Say What?!* How Can My Sugar Intake Be Related To My Cholesterol?

Updated: Dec 12, 2018

News flash: the "high triglycerides" your doctor drew your attention to on your latest lab results are an indication of your body's declining ability to metabolize sugar, not to mention an increased risk of insulin resistance, obesity, cardiovascular disease, non-alcohol fatty liver disease, dementia, not to mention a whole host of other metabolic and inflammatory disorders.

It's true; Your body’s inability to metabolize sugar can adversely impact cholesterol levels.

To better understand how excessive sugar (or refined carbohydrates) intake can influence cholesterol let's take a closer look at what is really going on.
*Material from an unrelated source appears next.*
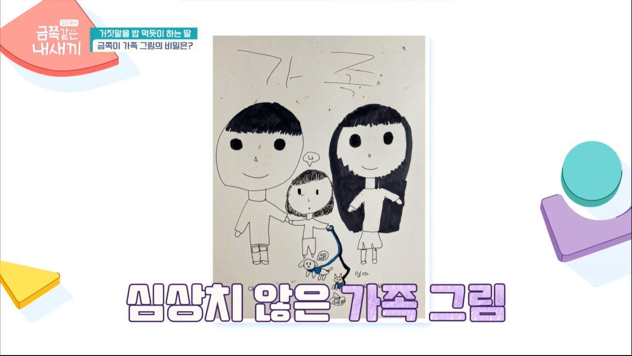 또 금쪽이는 아빠와는 손을 잡고 있지만 엄마와는 손을 잡고 있지 않는 모습이었고, 엄마 아빠는 웃고있지만 금쪽이의 표정은 홀로 웃고 있지 않은 모습이었어요.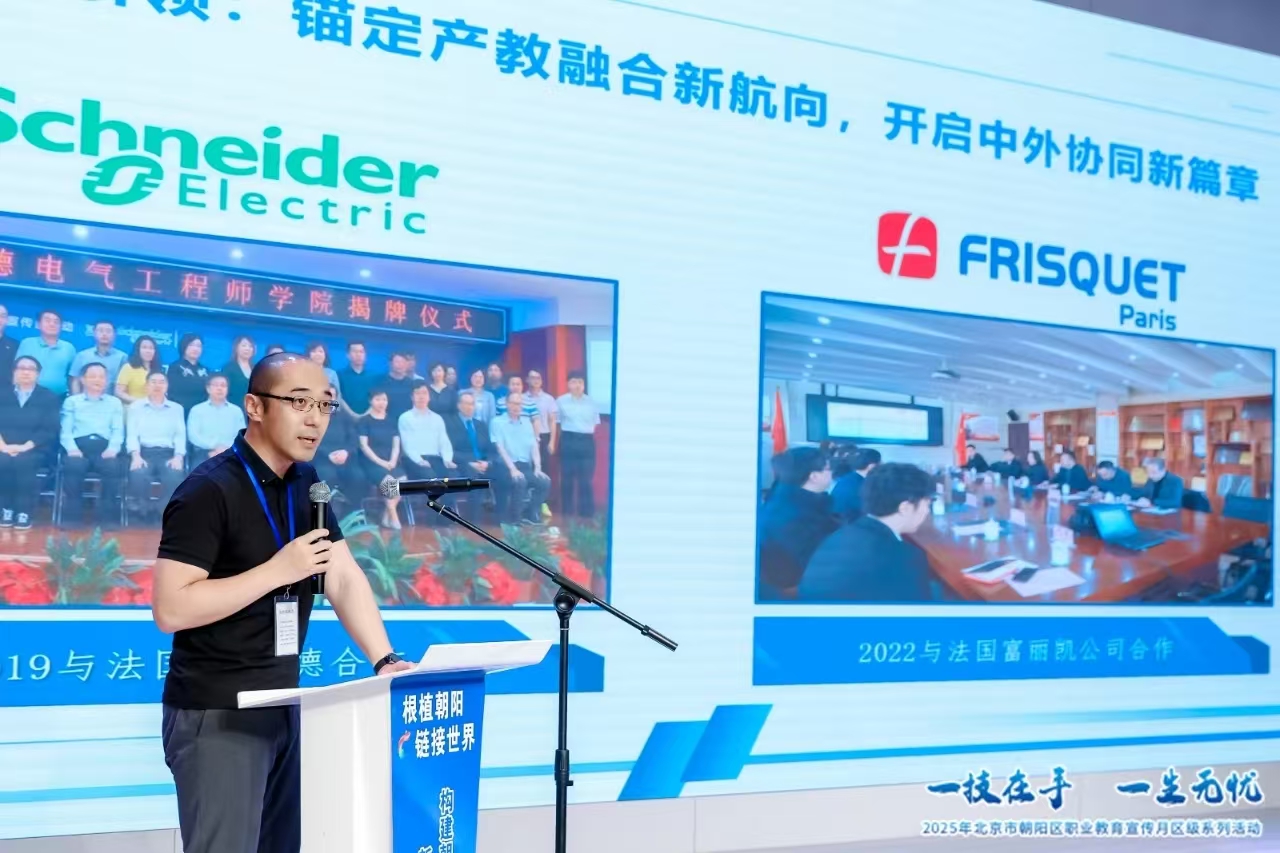 2025年6月7日,朝阳区职业教育宣传月区级活动走进北京798艺术区,聚焦民生需求,向社会展示产教融合的优异成果。法国富丽凯联合电气工程学校创办的中法清洁能源技术培训中心亮相,多维展示职业教育国际化发展新趋势。

Consider for a moment all the forms of sugar you might consume on a given day whether it may be from more obvious sources such as desserts, soda or alcohol; or somewhat hidden sources such as packaged foods, sandwich bread, ketchup, or breakfast syrup; as well as the natural sugar found in fruits, vegetables, milk and honey.

Your body uses sugar for energy. The primary mechanism to deliver sugar into your cells for energy relies on the ability of your pancreas to produce and secrete insulin. You could think of insulin as the FedEx delivery truck delivering sugar to your cells. Your body also relies on working insulin receptors to essentially, meet the FedEx delivery and receive the package or, in this case glucose (i.e. sugar) and deliver it into the cell as fuel to generate energy.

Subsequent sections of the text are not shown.